Identification of coagulation factor IX variants with enhanced activity through ancestral sequence reconstruction

Orthologous proteins contain sequence disparity guided by natural selection. In certain cases, species-specific protein functionality predicts pharmacological enhancement, such as greater specific activity or stability. However, immunological barriers generally preclude use of nonhuman proteins as therapeutics, and difficulty exists in the identification of individual sequence determinants among the overall sequence disparity.

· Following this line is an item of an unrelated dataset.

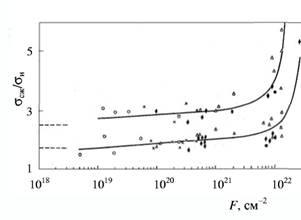 На рис. 7 в качестве иллюстрации приведены дозовые зависимости относительного изменения предела прочности при сжатии образцов ГР, облученных в исследовательских реакторах, и этого же графита, высверленного из кладок различных реакторов. Видно, что прирост прочности графита из работавших блоков кладки реакторов БиАЭС (ЭГП-6) и РБМ-К (ГР), где критический флюенс не был достигнут и вторичное изменение свойств еще не началось, совпадает с таковым у облученных без окисления образцов графита марки ГР [25].

Ancestral sequence reconstruction (ASR) represents a platform for the prediction and resurrection of ancient gene and protein sequences. Recently, we demonstrated that ASR can be used as a platform to facilitate the identification of therapeutic protein variants with enhanced properties. Specifically, we identified coagulation factor VIII (FVIII) variants with improved specific activity, biosynthesis, stability, and resistance to anti-human FVIII antibody–based inhibition. In the current study, we resurrected a panel of ancient mammalian coagulation factor IX (FIX) variants with the goal of identifying improved pharmaceutical candidates. One variant (An96) demonstrated 12-fold greater FIX activity production than human FIX. Addition of the R338L Padua substitution further increased An96 activity, suggesting independent but additive mechanisms. after adeno-associated virus 2 (AAV2)/8-FIX gene therapy, 10-fold greater plasma FIX activity was observed in hemophilia B mice administered AAV2/8-An96–Padua as compared with AAV2/8-human FIX–Padua. Furthermore, phenotypic correction conferred by the ancestral variant was confirmed using a saphenous vein bleeding challenge and thromboelastography. Collectively, these findings validate the ASR drug discovery platform as well as identify an ancient FIX candidate for pharmaceutical development.